= Beginning of Section =

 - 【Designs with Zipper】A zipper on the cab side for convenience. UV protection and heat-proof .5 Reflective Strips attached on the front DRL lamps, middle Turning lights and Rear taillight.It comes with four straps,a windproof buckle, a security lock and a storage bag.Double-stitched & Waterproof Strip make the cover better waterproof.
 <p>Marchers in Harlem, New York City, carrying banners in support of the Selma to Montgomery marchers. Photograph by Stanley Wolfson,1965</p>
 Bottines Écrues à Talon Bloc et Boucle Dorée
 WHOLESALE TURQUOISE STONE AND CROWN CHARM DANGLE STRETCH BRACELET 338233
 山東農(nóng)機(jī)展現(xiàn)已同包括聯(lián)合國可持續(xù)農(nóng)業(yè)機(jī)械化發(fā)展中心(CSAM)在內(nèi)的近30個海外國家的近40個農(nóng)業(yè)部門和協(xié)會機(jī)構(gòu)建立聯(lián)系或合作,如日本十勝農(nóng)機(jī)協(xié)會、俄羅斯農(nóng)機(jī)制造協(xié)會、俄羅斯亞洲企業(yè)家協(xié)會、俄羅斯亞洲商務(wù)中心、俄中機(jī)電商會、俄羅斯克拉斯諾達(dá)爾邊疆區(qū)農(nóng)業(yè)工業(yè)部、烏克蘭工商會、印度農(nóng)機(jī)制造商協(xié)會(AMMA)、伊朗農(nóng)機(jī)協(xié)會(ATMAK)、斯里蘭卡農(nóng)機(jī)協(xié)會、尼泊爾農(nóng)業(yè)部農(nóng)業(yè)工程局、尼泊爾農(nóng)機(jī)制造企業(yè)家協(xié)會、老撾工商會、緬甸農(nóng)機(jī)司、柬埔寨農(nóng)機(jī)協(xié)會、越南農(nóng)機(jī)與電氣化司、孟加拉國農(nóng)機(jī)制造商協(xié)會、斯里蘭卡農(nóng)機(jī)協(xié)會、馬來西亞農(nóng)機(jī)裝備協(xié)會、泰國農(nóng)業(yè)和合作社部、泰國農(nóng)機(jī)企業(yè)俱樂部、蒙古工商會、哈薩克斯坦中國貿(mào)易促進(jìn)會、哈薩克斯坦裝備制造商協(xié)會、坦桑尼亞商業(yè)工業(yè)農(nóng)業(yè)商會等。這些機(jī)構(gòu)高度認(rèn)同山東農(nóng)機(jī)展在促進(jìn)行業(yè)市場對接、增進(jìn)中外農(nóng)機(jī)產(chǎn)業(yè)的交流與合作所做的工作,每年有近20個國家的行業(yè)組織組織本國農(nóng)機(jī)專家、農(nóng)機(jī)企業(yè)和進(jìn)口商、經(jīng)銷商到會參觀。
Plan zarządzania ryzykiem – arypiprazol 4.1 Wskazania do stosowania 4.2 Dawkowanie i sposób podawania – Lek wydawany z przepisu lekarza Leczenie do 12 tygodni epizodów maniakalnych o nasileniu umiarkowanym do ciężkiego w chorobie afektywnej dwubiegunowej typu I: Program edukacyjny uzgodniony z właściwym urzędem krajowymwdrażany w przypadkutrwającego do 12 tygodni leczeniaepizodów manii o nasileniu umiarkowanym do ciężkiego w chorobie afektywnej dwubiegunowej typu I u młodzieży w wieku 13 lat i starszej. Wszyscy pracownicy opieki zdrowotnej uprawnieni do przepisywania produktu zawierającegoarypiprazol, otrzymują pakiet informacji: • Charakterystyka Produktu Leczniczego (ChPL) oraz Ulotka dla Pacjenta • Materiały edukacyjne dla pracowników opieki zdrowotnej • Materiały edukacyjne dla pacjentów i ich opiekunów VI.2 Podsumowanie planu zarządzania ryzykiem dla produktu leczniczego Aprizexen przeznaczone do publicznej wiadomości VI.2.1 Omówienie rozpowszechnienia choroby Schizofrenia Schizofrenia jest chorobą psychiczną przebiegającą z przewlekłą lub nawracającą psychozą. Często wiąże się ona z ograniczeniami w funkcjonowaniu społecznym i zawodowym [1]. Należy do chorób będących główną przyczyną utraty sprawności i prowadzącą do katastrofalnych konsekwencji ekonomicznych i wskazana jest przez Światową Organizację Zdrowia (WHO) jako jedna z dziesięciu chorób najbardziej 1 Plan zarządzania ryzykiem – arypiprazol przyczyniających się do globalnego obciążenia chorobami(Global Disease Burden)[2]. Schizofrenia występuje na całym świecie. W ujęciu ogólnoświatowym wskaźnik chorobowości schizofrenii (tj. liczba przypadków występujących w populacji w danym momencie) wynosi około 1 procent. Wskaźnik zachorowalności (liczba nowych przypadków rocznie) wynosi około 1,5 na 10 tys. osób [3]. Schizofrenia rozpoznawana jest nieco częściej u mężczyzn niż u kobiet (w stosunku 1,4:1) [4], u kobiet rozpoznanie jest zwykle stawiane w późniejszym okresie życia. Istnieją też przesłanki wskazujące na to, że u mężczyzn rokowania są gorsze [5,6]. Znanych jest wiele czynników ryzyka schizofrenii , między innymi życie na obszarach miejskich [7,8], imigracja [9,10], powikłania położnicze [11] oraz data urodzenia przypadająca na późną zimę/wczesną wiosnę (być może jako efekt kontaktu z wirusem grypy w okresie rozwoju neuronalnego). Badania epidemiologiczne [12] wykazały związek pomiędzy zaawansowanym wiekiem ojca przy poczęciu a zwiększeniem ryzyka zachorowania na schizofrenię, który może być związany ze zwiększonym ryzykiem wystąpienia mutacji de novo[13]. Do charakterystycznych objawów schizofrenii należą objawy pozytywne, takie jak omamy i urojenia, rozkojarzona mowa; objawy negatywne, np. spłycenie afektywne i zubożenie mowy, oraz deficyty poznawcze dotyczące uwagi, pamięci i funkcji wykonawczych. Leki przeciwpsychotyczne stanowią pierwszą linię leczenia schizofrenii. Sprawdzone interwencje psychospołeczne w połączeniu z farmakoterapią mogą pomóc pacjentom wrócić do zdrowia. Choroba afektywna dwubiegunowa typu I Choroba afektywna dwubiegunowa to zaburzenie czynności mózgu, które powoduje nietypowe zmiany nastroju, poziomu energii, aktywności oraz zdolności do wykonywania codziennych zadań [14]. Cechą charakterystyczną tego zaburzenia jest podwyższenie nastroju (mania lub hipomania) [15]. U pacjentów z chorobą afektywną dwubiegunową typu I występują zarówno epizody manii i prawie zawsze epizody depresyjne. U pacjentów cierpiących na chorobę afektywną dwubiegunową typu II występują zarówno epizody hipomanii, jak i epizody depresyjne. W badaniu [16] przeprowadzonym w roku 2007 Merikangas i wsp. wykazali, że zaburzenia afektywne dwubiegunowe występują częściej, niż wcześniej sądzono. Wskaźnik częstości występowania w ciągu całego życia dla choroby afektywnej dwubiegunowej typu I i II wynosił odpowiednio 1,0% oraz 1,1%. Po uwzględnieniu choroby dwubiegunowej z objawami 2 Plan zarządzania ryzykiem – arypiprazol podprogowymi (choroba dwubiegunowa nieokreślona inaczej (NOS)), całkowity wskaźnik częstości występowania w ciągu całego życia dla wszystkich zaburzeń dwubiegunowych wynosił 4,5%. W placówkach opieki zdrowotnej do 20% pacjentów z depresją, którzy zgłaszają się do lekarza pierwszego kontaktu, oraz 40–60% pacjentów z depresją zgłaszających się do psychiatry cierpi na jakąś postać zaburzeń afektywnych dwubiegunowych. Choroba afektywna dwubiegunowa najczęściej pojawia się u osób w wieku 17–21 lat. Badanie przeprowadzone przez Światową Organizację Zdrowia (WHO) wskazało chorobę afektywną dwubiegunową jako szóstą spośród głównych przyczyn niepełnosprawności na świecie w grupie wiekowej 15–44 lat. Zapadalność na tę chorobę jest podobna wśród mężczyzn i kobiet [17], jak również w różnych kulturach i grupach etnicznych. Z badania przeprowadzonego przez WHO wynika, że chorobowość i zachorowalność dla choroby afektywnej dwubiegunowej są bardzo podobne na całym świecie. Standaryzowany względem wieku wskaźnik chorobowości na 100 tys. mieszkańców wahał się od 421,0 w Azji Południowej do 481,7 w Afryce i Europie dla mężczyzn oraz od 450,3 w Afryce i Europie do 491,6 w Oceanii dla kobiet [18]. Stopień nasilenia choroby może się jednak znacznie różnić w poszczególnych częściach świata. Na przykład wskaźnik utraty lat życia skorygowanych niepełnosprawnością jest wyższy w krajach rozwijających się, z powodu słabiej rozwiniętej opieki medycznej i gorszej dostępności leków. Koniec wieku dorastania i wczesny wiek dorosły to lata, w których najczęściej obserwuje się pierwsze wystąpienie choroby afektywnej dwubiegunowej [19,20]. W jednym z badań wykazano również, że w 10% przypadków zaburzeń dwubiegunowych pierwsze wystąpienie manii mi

= End of Section =

== TASK ITEM ==
Copy the records above exactly, from the first line through the line containing "Bottines Écrues à Talon Bloc et Boucle Dorée", and include nothing else.

== ANSWER BELOW ==
 - 【Designs with Zipper】A zipper on the cab side for convenience. UV protection and heat-proof .5 Reflective Strips attached on the front DRL lamps, middle Turning lights and Rear taillight.It comes with four straps,a windproof buckle, a security lock and a storage bag.Double-stitched & Waterproof Strip make the cover better waterproof.
 <p>Marchers in Harlem, New York City, carrying banners in support of the Selma to Montgomery marchers. Photograph by Stanley Wolfson,1965</p>
 Bottines Écrues à Talon Bloc et Boucle Dorée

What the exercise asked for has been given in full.